Extrait du 23 n°193 - automne 2008

« Ce n’est pas mon parcours qui compte, mais celui de l’humanisation de la société. »

Vice-présidente de la MRES, Mireille Havez est membre d’EDA (Environnement Développement Alternatif), association qui cherche à promouvoir un autre mode de développement, soucieux à la fois des hommes et de l’environnement. Suite logique d’une vie de militante dédiée à ce qu’elle appelle l’ « émancipation humaine ».

Mireille Havez, pouvez-vous nous retracer votre parcours de militante ?

J’ai commencé à militer en 1960 à l’UNEF (Union Nationale des Etudiants de France) quand ce syndicat étudiant s’était engagé pour la paix en Algérie et contre la résiliation des sursis des étudiants pour les envoyer à la guerre. J’ai continué ensuite à y militer, mais davantage pour améliorer les conditions de vie étudiantes. Quand je suis devenu professeur dans l’enseignement secondaire, je me suis syndiquée. Mais je sentais aussi qu’il fallait un relais. Alors, parallèlement, en 1974, j’ai adhéré à un parti politique. Je suis entrée au Parti Communiste, parti que je n’ai jamais quitté depuis. En quelque sorte, je suis aussi « rouge » que « verte ». C’est assez atypique à la MRES… J’ai aussi milité au Mouvement de la Paix, notamment lorsque la France s’est dotée de l’arme nucléaire, puis aussi lors de la guerre du Golfe. Dans les années 80 j’ai aussi fait partie d’une association de solidarité internationale qui s’appelait « France Amérique latine ». C’était au temps du Mouvement des sans-terres.

Parallèlement, grâce à des rencontres et à des lectures, j’ai peu à peu compris l’ampleur des pollutions et des gâchis engendrés par « la société de consommation » que je considérais déjà comme lourde d’inégalités, entre individus et entre peuples. C’est cette double préoccupation que j’ai rencontrée à EDA, et j’ai adhéré en 1991. Durant mes premières années de militante écolo, j’apparaissais comme la « madame déchets » d’EDA : le sujet m’intéressait, peut-être en raison de ma formation de chimiste, et il était d’actualité, avec la loi de 1992. Mais très vite, à EDA, quand on saisit un fil, on se retrouve avec tout un panier de pelotes !
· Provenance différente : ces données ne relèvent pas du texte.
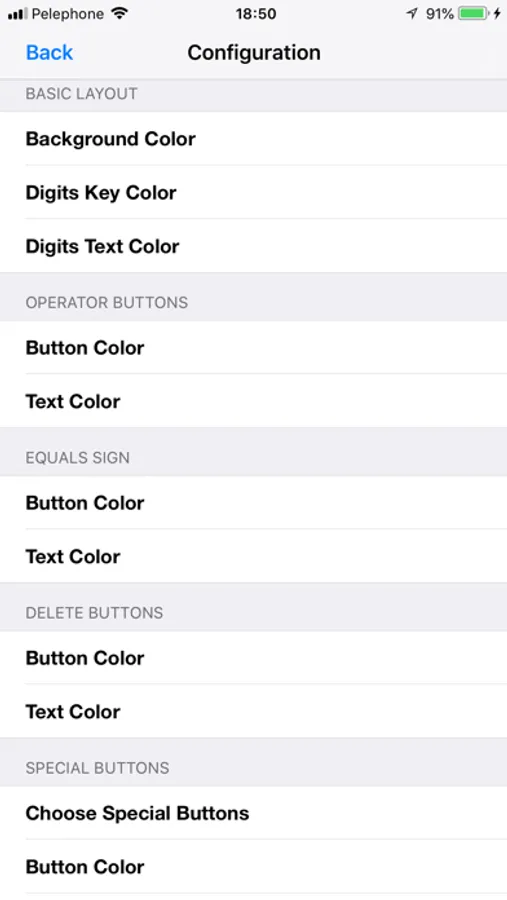 * Choose your own colors for various features, including background, number keys, function keys, and solution window - each of these features can have its own color
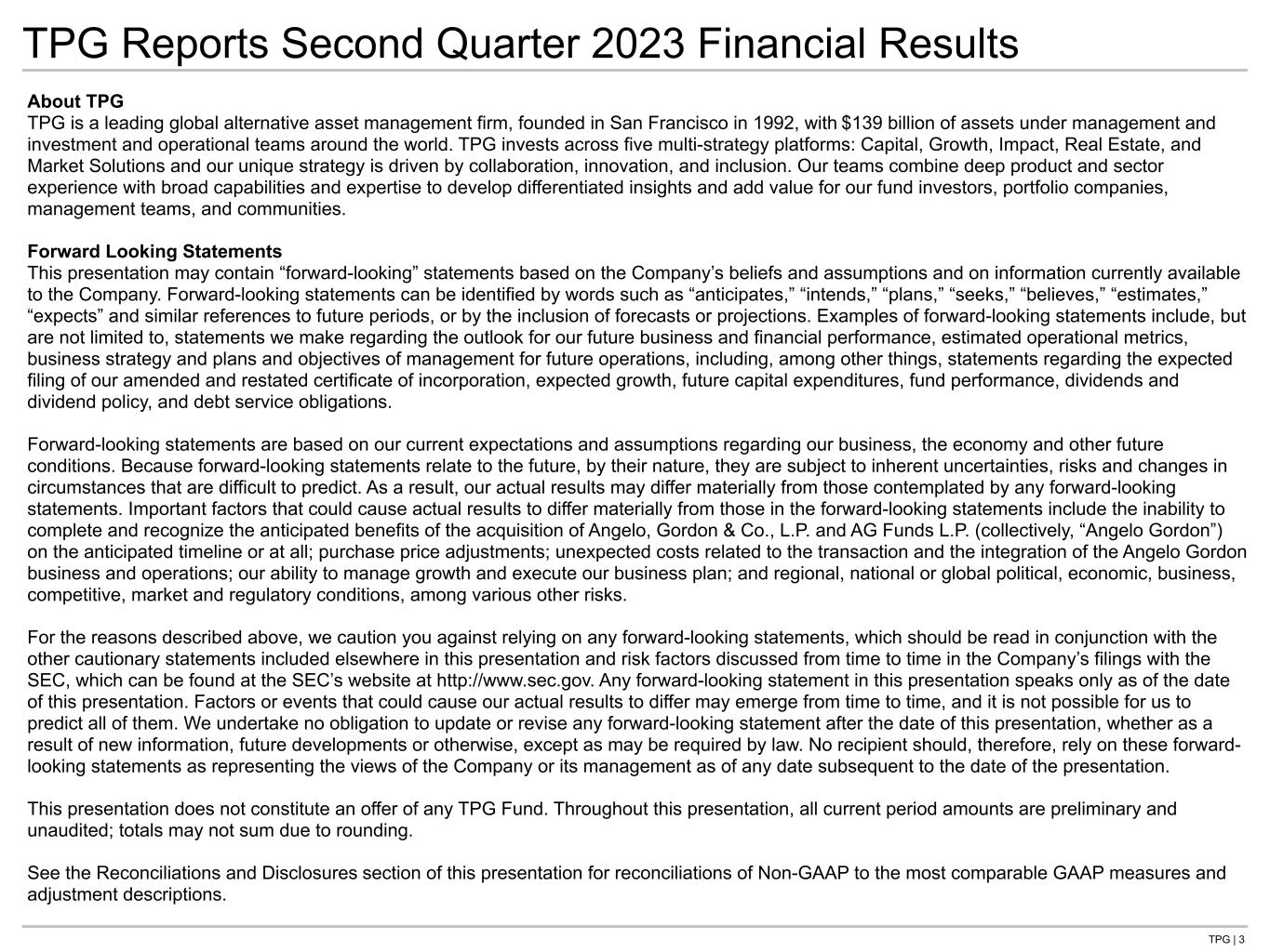 TPG | 3 TPG Reports Second Quarter 2023 Financial Results About TPG TPG is a leading global alternative asset management firm, founded in San Francisco in 1992, with $139 billion of assets under management and investment and operational teams around the world. TPG invests across five multi-strategy platforms: Capital, Growth, Impact, Real Estate, and Market Solutions and our unique strategy is driven by collaboration, innovation, and inclusion. Our teams combine deep product and sector experience with broad capabilities and expertise to develop differentiated insights and add value for our fund investors, portfolio companies, management teams, and communities. Forward Looking Statements This presentation may contain “forward-looking” statements based on the Company’s beliefs and assumptions and on information currently available to the Company. Forward-looking statements can be identified by words such as “anticipates,” “intends,” “plans,” “seeks,” “believes,” “estimates,” “expects” and similar references to future periods, or by the inclusion of forecasts or projections. Examples of forward-looking statements include, but are not limited to, statements we make regarding the outlook for our future business and financial performance, estimated operational metrics, business strategy and plans and objectives of management for future operations, including, among other things, statements regarding the expected filing of our amended and restated certificate of incorporation, expected growth, future capital expenditures, fund performance, dividends and dividend policy, and debt service obligations. Forward-looking statements are based on our current expectations and assumptions regarding our business, the economy and other future conditions. Because forward-looking statements relate to the future, by their nature, they are subject to inherent uncertainties, risks and changes in circumstances that are difficult to predict. As a result, our actual results may differ materially from those contemplated by any forward-looking statements. Important factors that could cause actual results to differ materially from those in the forward-looking statements include the inability to complete and recognize the anticipated benefits of the acquisition of Angelo, Gordon & Co., L.P. and AG Funds L.P. (collectively, “Angelo Gordon”) on the anticipated timeline or at all; purchase price adjustments; unexpected costs related to the transaction and the integration of the Angelo Gordon business and operations; our ability to manage growth and execute our business plan; and regional, national or global political, economic, business, competitive, market and regulatory conditions, among various other risks. For the reasons described above, we caution you against relying on any forward-looking statements, which should be read in conjunction with the other cautionary statements included elsewhere in this presentation and risk factors discussed from time to time in the Company’s filings with the SEC, which can be found at the SEC’s website at http://www.sec.gov. Any forward-looking statement in this presentation speaks only as of the date of this presentation. Factors or events that could cause our actual results to differ may emerge from time to time, and it is not possible for us to predict all of them. We undertake no obligation to update or revise any forward-looking statement after the date of this presentation, whether as a result of new information, future developments or otherwise, except as may be required by law. No recipient should, therefore, rely on these forward- looking statements as representing the views of the Company or its management as of any date subsequent to the date of the presentation. This presentation does not constitute an offer of any TPG Fund. Throughout this presentation, all current period amounts are preliminary and unaudited; totals may not sum due to rounding. See the Reconciliations and Disclosures section of this presentation for reconciliations of Non-GAAP to the most comparable GAAP measures and adjustment descriptions.

Retiendrez-vous des moments particulièrement forts ?

Je ne fais pas de hiérarchie. Mai 68 était évidemment un moment émotionnellement fort. Mais je me souviens surtout d’un combat que j’avais mené, avec d’autres, contre le projet de fermeture d’un lycée à Wattrelos où j’étais prof. On voulait le regrouper avec un lycée de Roubaix. Nous avons protesté. Nous avons plaidé qu’il était nécessaire de le maintenir pour la mixité sociale. Finalement, le Rectorat nous a écoutés, et ce fut une satisfaction syndicale.

En ce qui concerne les moments difficiles, le plus marquant est pour moi, mai 81, l’élection de François Mitterrand à la Présidence de la République. J’avais voté pour lui, mais je savais qu’on allait enterrer les vraies raisons pour lesquelles on s’était battu. Je savais que ça n’aboutirait pas. Ce n’était pas vraiment un échec, mais ce fut un moment douloureux pour moi.

Et si vous aviez à tirer un bilan de votre vie militante ?

Mon parcours n’est pas fini. Aucun parcours n’est jamais fini. Il y aura toujours besoin d’actions collectives. J’ai personnellement toujours envie, et je militerai encore tant que j’en serai capable. Il n’y a pas d’émancipation humaine sans actions collectives. Il y a toujours des améliorations à faire. Ce n’est pas mon parcours qui compte, c’est le parcours d’humanisation. De l’humanisation de la société. Ce n’est évidemment pas limpide, linéaire, mais plutôt en zig zag. L’homme est un animal social, et l’action collective fera toujours partie de sa dimension sociale. Il faudra toujours se battre pour améliorer les conditions de vie des hommes et les relations entre eux. C’est cela qui compte.

Quel regard portez-vous sur le militantisme d’aujourd’hui ?

Je trouve que ce sujet-là est un peu tarte à la crème. Le monde change sans cesse, et il est évident que le militantisme s’y adapte, c’est normal. Mais contrairement à ce qu’on peut entendre, les nouveaux militants ne sont pas plus individualistes ou consuméristes qu’avant. Les formes ont changé, les conditions changent, mais pas le militantisme en tant que tel.